In 1915, Gordon appeared as an extra in silent films that were shot in Fort Lee, New Jersey, including as a dancer in The Whirl of Life, a film based on the lives of Vernon and Irene Castle. The same year, she made her Broadway debut in a revival of Peter Pan, or the Boy Who Wouldn't Grow Up in the role of Nibs (one of the Lost Boys), appearing onstage with Maude Adams and earning a favorable mention from powerful critic Alexander Woollcott. He described her favorably as "ever so gay", and he became her friend and mentor.

In 1918, Gordon played opposite actor Gregory Kelly in the Broadway adaptation of Booth Tarkington's Seventeen. The pair continued to perform together in North American tours of Frank Craven's The First Year and Tarkington's Clarence and Tweedles. Then in 1921, Gordon and Kelly were wed.

In December 1920, Gordon checked into a Chicago hospital to have her legs broken and straightened to treat her lifelong bow-leggedness. After a three-month recovery, she moved to Indianapolis, where they started a repertory company.

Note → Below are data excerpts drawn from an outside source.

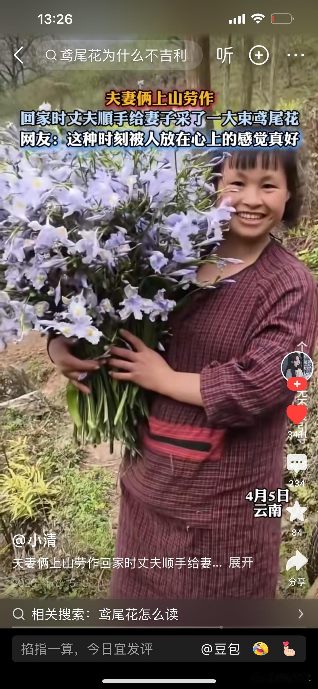 日子怎么可能跟谁过都是一样的呢?明明最浪漫的事,就是看见夫人抱着花,微笑的看着丈夫。那一刻,觉得整个世界都明媚了。 这世界的情啊爱啊,其实很简单,一束山花就能让那个女人笑颜如花。女人要求的真不多,只是遇到能把你放在心里的那个人不容易。
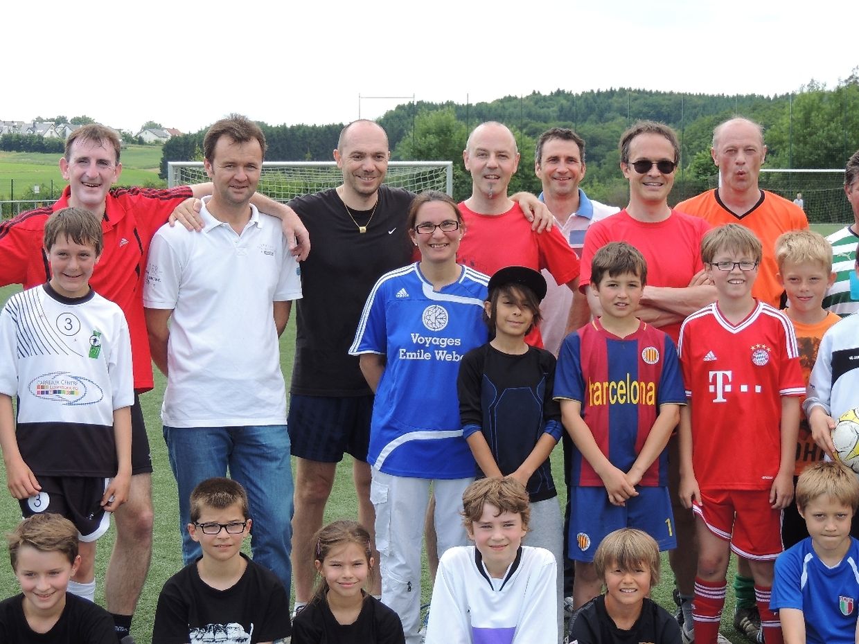 Traditionnel stin di méi "serieux" Matcher Kanner - Elteren um Programm, wou de FairPlay an de Jux grouss geschriwwen gin: Bambinis, Pupilles, Minimes konnten sech géint hir Elteren duerchsetzen, bei de Poussins a Scolaires hun d'Elteren gewonn.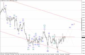 Таким образом, похоже на то, что валютная пара продолжает оставаться в стадии формирования волны (с), в составе волны (iv). При этом, скорее всего, волна (с) примет еще более сложную форму, возможно в виде диагонального треугольника.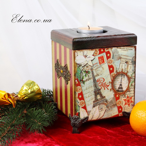 Короб, крышка которого сделана как подсвечник для чайной свечи.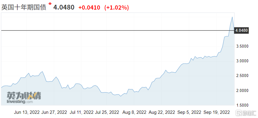 英国国债收益率在两天内飙升 100 个基点至多年高位,美国 10 年期国债收益率和德国国债也被拖累走高。

Kelly died of heart disease in 1927 at the age of 35. Gordon at the time had been enjoying a comeback, appearing on Broadway as Bobby in Maxwell Anderson's Saturday's Children, performing in a starring role after being typecast for years as a "beautiful, but dumb" character.

In 1929, Gordon was starring in the hit play Serena Blandish when she became pregnant by the show's producer, Jed Harris. Their son, Jones Harris, was born in Paris that year and Gordon brought him back to New York. Although they never married, Gordon and Harris provided their son with a normal upbringing, and his parentage became public knowledge as social conventions changed. In 1932, the family was living discreetly in a small, elegant New York City brownstone.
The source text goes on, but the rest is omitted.